|Metabolic engineering of bacteria for utilization of mixed sugar substrates for improved production of chemicals and fuel ethanol.
Biofuels 2:303-313. 2011.
T. Jojima, M. Inui and H. Yukawa.
|Heightened concerns about dwindling cheap world oil supplies, and adverse
global climate change blamed on man’s unsustainable dependence on such
finite fossil fuels, have led to increased urgency in the pursuit of new
and effective technologies for the production of energy and chemicals from
renewable feedstocks. Among several viable renewable resources, lignocellulosic
biomass has long been recognized as abundant enough to potentially meet
most future demands for transportation fuels and chemicals.
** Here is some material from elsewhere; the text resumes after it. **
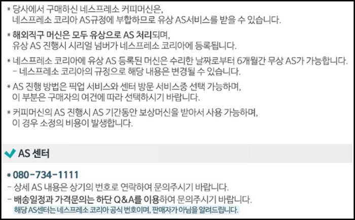 단점이 있다면, 해외직구 상품이라 AS를 하려면 유상으로 해야한다는 점입니다. 판매자의 정보에 의하면, 네스프레소 커피머신은 네스프레소 코리아 AS 규정에 부합하므로 유상 AS 서비스를 받을 수 있고, 지금 이 제품처럼 해외직구로 구매한 머신은 모두 유상으로 AS를 받을 수 있다고 합니다. 이렇게 한 번 유상으로 AS를 받으면 수리한 날짜로부터 6개월간 무상 AS가 가능하다고 하네요. 네스프레소 커피머신 AS센터 전화번호는 080-734-1111입니다. 부디 고장이 나지 않길 바라봅니다.

Before this
is realized, however, sizeable advances in technologies that underpin the
concept of the biorefinery must be made. As newer innovations continue
to be made on the way towards industrial-scale lignocellulosic biorefineries,
inefficiencies in the conversion of the pentose sugar component of lignocellulosic
hydrolysates have been so prioritized in numerous experimental biological
production processes as to culminate in a healthy body of literature, particularly
in the last decade or so. This article aims to present the current state
of metabolic engineering of bacteria for utilization of mixed sugar substrates
for improved production of chemicals and fuels from lignocellulosic biomass.